Short on time? Here are the highlights:
- A global IDP research survey has found that Australia is now the second-most preferred destination for international students after Canada
- Canada (27%) and Australia (25%) were the first and second choice for surveyed students, respectively
- The survey also explored the perspectives of current versus prospective students about studying in Australia
New IDP research shows that Australia’s popularity as a study destination is steadily improving. Australia still trails Canada in this regard, but it is closing the gap.
The Emerging Futures research was conducted with 11,000 prospective students, applicants, and current students in August 2022.
Canada remains the top choice for 27% of surveyed students, unchanged from March 2022, while Australia is the preferred destination for 25% of students – up from 20% in March.
The UK holds the #3 position at 20% – the same as in March – while the US is in fourth at 18%, down from 20% in the spring.
What is behind Australia’s rise?
Australia returned to the consideration set of prospective international students when it re-opened its borders in late-2021, and many students have been attracted to the January 2022 announcement that caps would be lifted on number of hours students could work while studying (a policy that will remain in place till 30 June 2023).
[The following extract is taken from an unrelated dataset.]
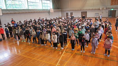前期終業式では、体育館に全校児童生徒が集まり、前期の締めくくりの式を行いました。児童生徒たちは整然と並び、校長先生のお話に真剣に耳を傾けていました。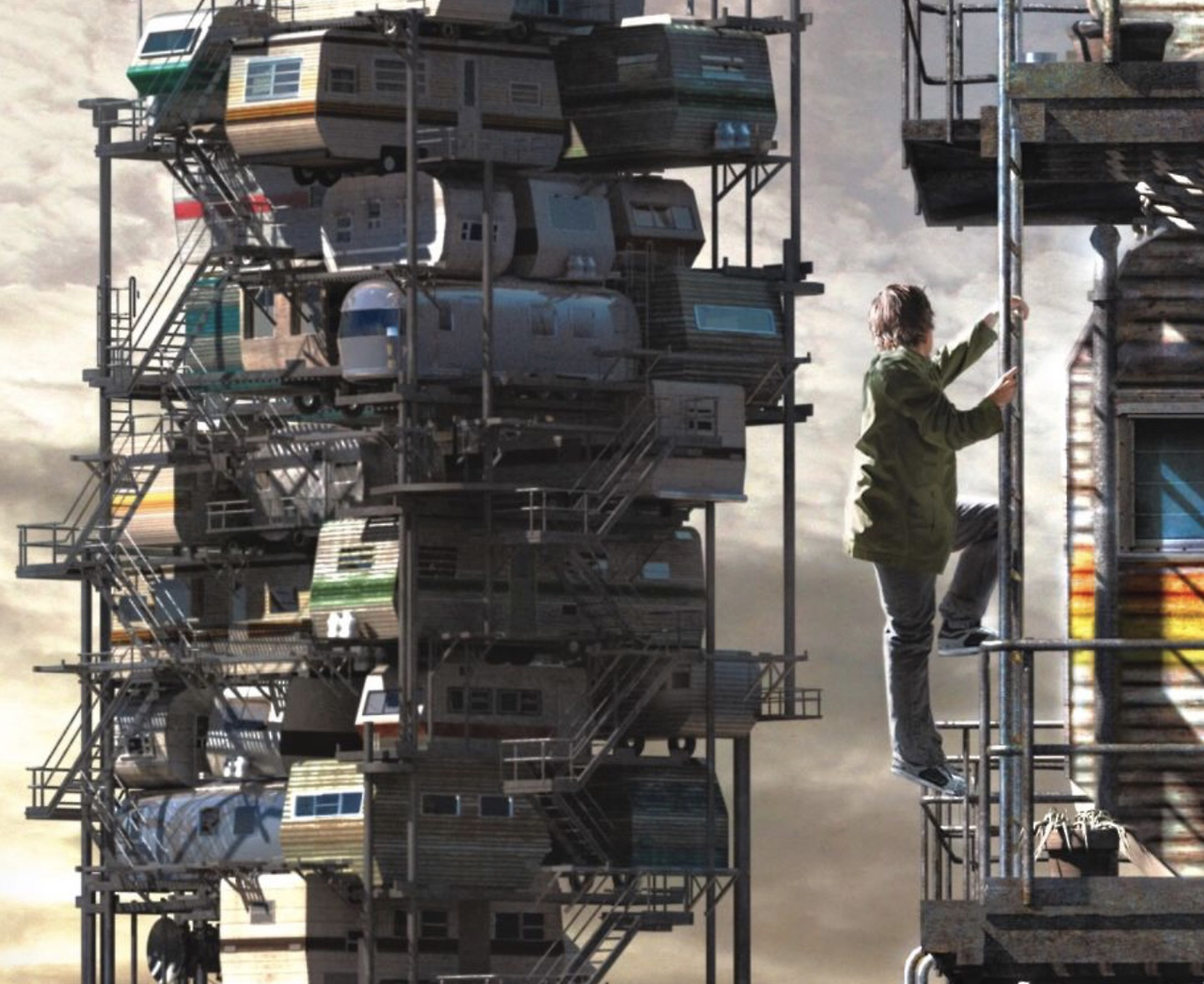 영화 <레디 플레이어 원(Ready Player One)>에서 그린 인류의 미래는 환경 오염으로 식량이 고갈되고, 넘쳐나는 쓰레기로 살 공간 또한 부족한 디스토피아 그 자체입니다. 겹겹이 트레일러를 올려 만든 주거 공간은 당장 무너질 것 같아 불안해 보이구요. <월 E>에 나온 미래 세계엔 청소 로봇이라도 하나 있었고, <블레이드 러너>에서는 싸구려 먹자 골목이나마 등장 했지만, 그곳엔 잔뜩 쌓아 놓은 쓰레기와 그 쓰레기를 타고 넘나드는 사람들만이 있을 뿐입니다. 그야말로 끔찍한 미래이며, 영화 속 인물들이 왜 현실을 피해 게임이라는 도피처로 은신하는 지 이해가 갈 만한 상황입니다.

Working while studying has become a priority for a significant proportion of international students in 2022. Global economic contraction and/or currency devaluations are affecting the finances of students and their families. The IDP research found notable concern among prospective students about whether they will have enough money while studying in Australia.
Of the leading English-speaking destinations, only Australia and, more recently, Canada have implemented policies allowing unlimited hours for international students to work while studying in 2022.
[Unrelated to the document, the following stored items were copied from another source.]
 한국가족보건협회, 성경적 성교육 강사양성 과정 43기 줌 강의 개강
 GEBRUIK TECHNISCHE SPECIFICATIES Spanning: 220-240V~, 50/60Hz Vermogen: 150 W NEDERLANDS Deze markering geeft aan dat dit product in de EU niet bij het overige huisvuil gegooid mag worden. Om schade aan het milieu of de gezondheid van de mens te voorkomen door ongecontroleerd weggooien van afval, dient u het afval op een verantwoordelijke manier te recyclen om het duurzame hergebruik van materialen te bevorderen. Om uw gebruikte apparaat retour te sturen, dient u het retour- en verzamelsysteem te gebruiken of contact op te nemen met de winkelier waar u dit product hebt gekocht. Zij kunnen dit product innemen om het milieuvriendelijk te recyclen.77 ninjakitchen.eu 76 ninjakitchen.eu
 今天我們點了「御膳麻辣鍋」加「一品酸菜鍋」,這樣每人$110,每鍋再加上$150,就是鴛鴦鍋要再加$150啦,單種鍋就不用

Also guiding the decisions of international students are concerns about safety, and in this regard, Australia now has a competitive advantage. Almost two-thirds (62%) of surveyed students said that Australia’s being “a safe country for international students” is a reason that Australia is their preferred destination. This is up from 50% of students who gave this reason in March 2022.
Where is Australia especially popular?
Among students from the two top senders of students to destinations abroad – China and India – Australia is less popular than other leading destinations, according to the IDP research. However, among students from Thailand, Sri Lanka, the Philippines, and Vietnam, Australia is very popular. These are increasingly important sending markets for all destinations, so Australia’s attractiveness in these countries is good news for the country’s educators – especially as they react to slowing Chinese outbound.
Comparing current versus prospective students
IDP segmented students according to whether they were currently enrolled or prospective, and not surprisingly, each segment was focused on different things when evaluating Australia as a study destination.
For prospective students, concerns are primarily around “balancing part-time work and study, not having enough money and adapting to a new culture and way of learning.”
Among current students, perceptions of Australia are mostly positive: 92% say that “the academic support they had received from their institution had met or exceeded their expectations,” and 87% were similarly impressed with the lifestyle for international students in Australia. However, a significant proportion of current students said that “their expectations for financial support had not been met.”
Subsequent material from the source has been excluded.